I played Thaumistry: In Charm's Way in a playthough at AG about 7 years ago, and it was great fun! It's the only text adventure I've played so far, but I'm open to trying another.

“Snowflakes are one of nature's most fragile things, but just look what they can do when they stick together.” -Vesta M. Kelly
Karlok   11-22-2025, 12:57 AM  
#13
Oh yes, text adventures are without any doubt adventure games. They are just as diverse as graphic adventures and have evolved a lot since Zork, so modern parsers are excellent. See ifdb.org for an amazing database and much more. I discovered interactive fiction in 1986 (first Magnetic Scrolls and later Infocom) and still play one or two games a year. We had about a dozen community text adventure playthroughs at the old Adventure Game forum, where anybody could post commands and only one person actually played the game and posted the game's responses to everybody's input. Great fun. We played some very good games, like Spider and Web, Anchorhead, Lost Pig, Bureaucracy, Counterfeit Monkey.
arcanetrivia   11-25-2025, 07:40 PM  
#14
Absolutely. It's right there in the name, "text adventure", and the graphical ones are descended from them. Before the graphical ones existed, we didn't even need to distinguish "text" adventures from anything else. They just were what adventure games were. (You're aware of the ur-text Colossal Cave Adventure aka ADVENT, I assume?)

Quote: Do you consider the absence of graphical representation to be key?

Key to what? To being classified as a "text adventure"? I suppose so, but I'm a bit confused about the question. Are you asking whether games that use text parsers for input and text for description, but have perhaps static (rather than animated) graphics, are "text adventures"?
This post was last modified: 11-25-2025, 07:44 PM by arcanetrivia.
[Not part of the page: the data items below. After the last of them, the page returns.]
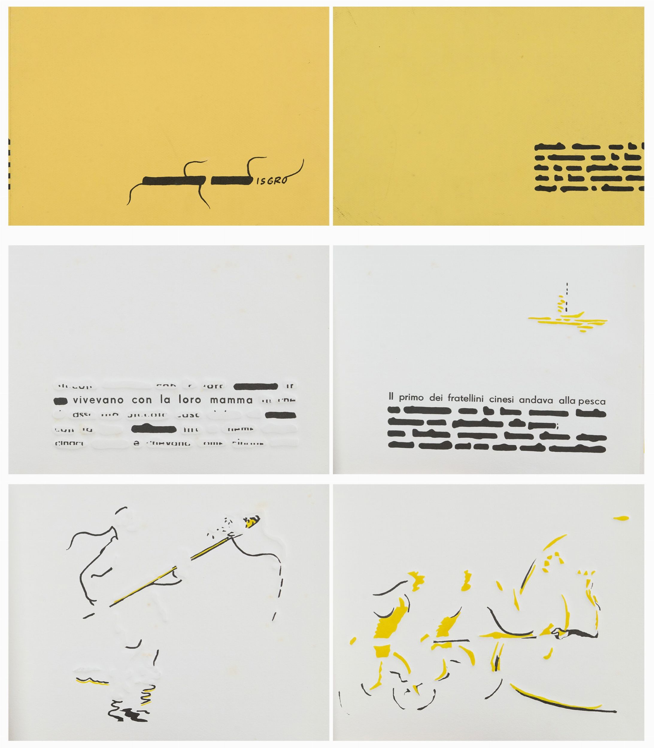 Tecnica mista, stampa a torchio litografico e calcografico, cm. 23x34 in cofanetto originale di cm. 26x35,5x6 I cinque Isgrò è opera originale realizzata da Emilio Isgrò per l’edizione 2006 dei Cento Amici del Libro. Giorgio Upiglio e Monia Pavone hanno stampato su carta Alcantara con torchio litografico il nero, con il torchio calcografico i rilievi da matrici di legno e ottone e hanno pennellato il giallo. La legatura e la custodia sono di Ruggero Rigoldi. Il testo Cinque per venticinque, scritto dallo stesso artista, fa parte dell’edizione che consta di cento esemplari “ad personam” riservati ai Soci e trenta numerati da I a XXX. Il colophon di ogni esemplare è stato firmato da Emilio Isgrò il 19 marzo 2007 in Milano.
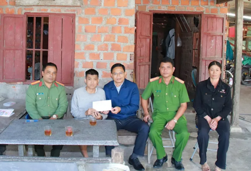 Ông Phạm Văn Phương, Bí thư Đảng ủy, Chủ tịch HĐND xã Ia Hiao và Thượng tá Ksor Rim, Trưởng Công an xã Ia Hiao trao tiền hỗ hỗ trợ cho anh Sĩ |
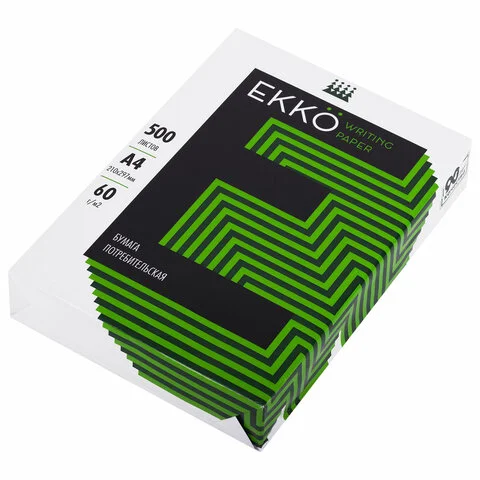 Бумага А4, 60 г/м2, белизна 60%, 500 листов, Россия, ЕККО, 114320
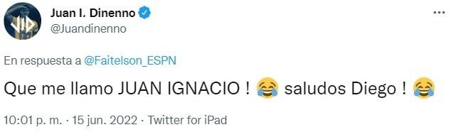 Como respuesta a la pifia del analista deportivo, el propio futbolista salió a responderle en lamisma red social, y le devolvió con un poco de su medicina. “Que me llamo JUAN IGNACIO! Saludos Diego!”, le comentó Dinenno.
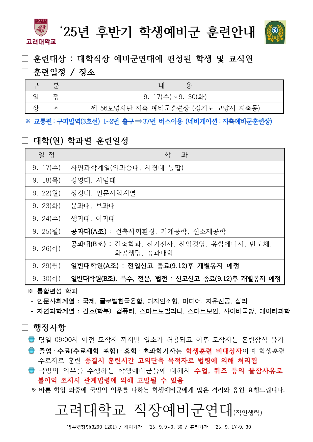 [기타]2025년 후반기 학생예비군 훈련일정 알림
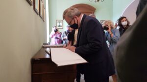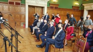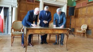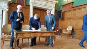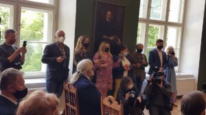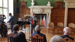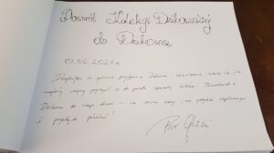 Minister kultury, prezydent Tarnobrzega oraz dyrektor Muzeum Historycznego Miasta Tarnobrzega na pamiątkę dzisiejszego wydarzenia złożyli podpis pod dokumentem przygotowanym specjalnie na tę okazję. Treść pisma odczytał dyrektor muzeum.
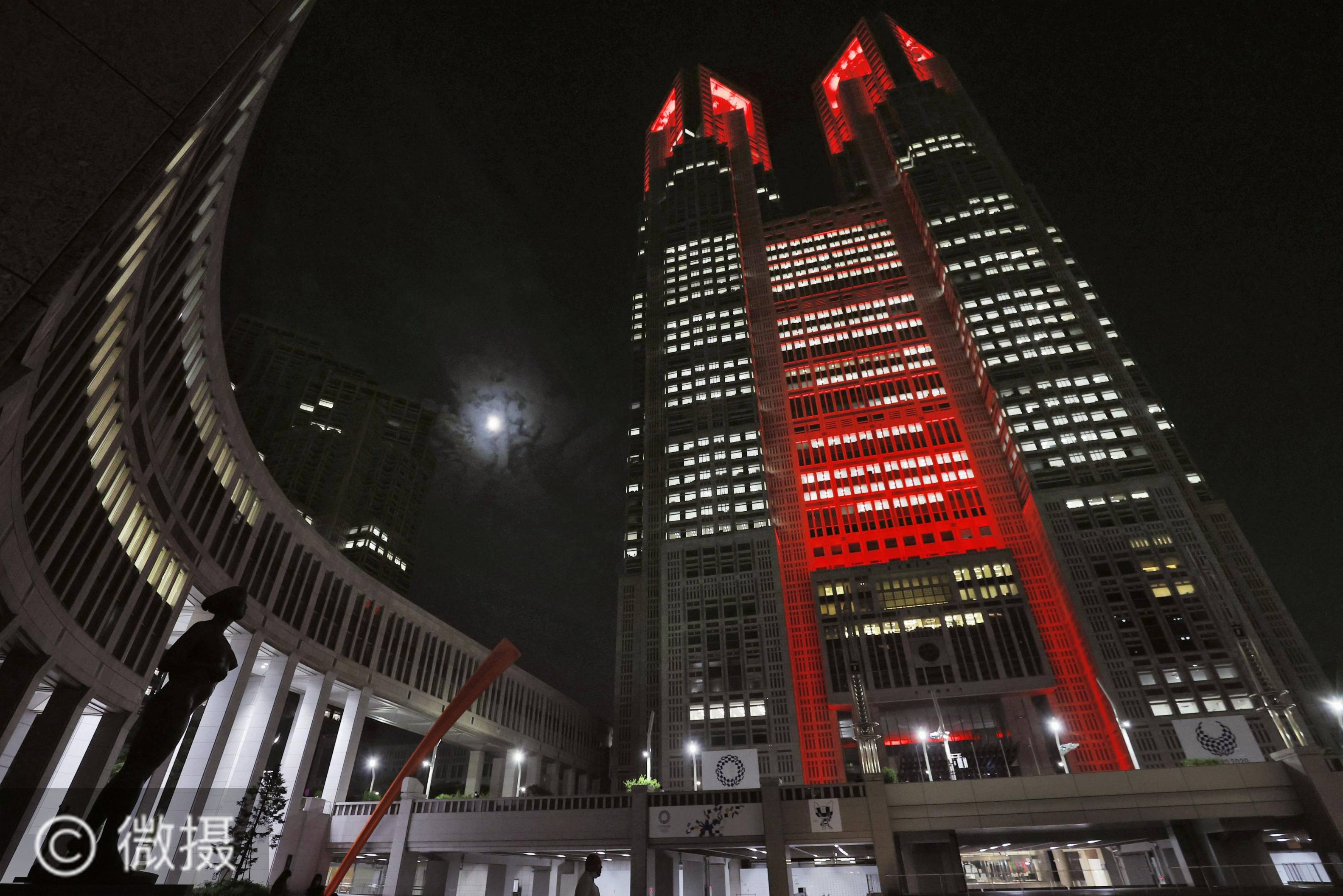 6月2日,日本东京都厅大楼点亮红色灯光,配合发出“东京警报”。据日本广播协会(NHK)电视台截至2日21时17分的统计,日本新增新冠确诊病例51例,累计17000例。当晚,东京都首次发出了“东京警报”,提醒民众注意避开“密闭”“密集”“密切接触”的高风险环境。新华社/共同社

Edit Reason: l'esprit de l'escalier
Piero   11-26-2025, 11:17 AM  
#15
Yes, and Anchorhead is one of the best adventure games I've played in any form.
giom   12-10-2025, 01:58 PM  
#16
Yes, and I have very found memories of playing text adventure games on the old Adventuregamers forum.
Karlok   01-16-2026, 06:45 PM  
#17
I realize very few people here still play text adventures but I'm going to recommend the latest addition to my Interactive Fiction Top Ten anyway: Type Help by William Rous,  free at itch.io. Inspired by Return of the Obra DinnHer Story, Unheard, and The Roottrees Are Dead - 4 of my alltime favorite games, so of course I just had to try Type Help.  Loved every minute of playing this spooky puzzle-mystery and I'm not the only one by far. It scores a solid 5 stars at itch.io and at ifdb.org.  
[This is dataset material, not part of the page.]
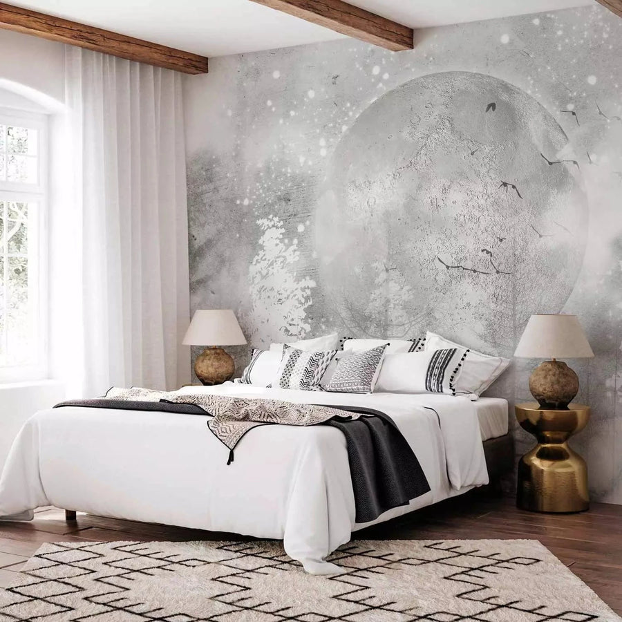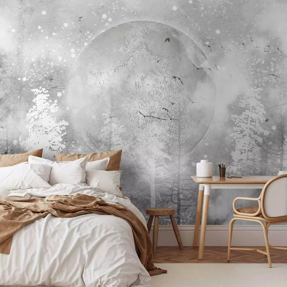 Abstrakta pelēka kompozīcija - mēness starp kokiem - guļamistabai G-ART

You investigate mysterious deaths that took place at Galley House in the '30s by reading computer files with recordings of the sometimes weird conversations between people. At the start you have access to only a few files. Based on the info you get from the conversations, you figure out new file names. That's it. Whenever you want to read a particular file again, you click on its name in the file list. No frustrating parser that refuses to understand your English, just file names and a few simple commands which the game spells out for you.  Finding the file names isn't particularly hard, with one or two exceptions near the end, but immensely satisfying. And when you finally understand what's been going on, it's great fun to read the conversations again from the start.

https://william-rous.itch.io/type-help
Boxblue Studios   01-22-2026, 10:14 PM  
#18
Totally. Text adventures started it all off for me and when graphic text adventures came along it was just the next evolution of the same genre.
On another post I mentioned that one of my pivotal games was 'The Lord of the Rings: The Fellowship of the Ring' as a text adventure (which came packed with the book as well!)
Reading the book and playing the game was a wonderful double-win and gave my imagination room to grow and explore. Those old text adventure games were a gym for the imagination and I loved that about them.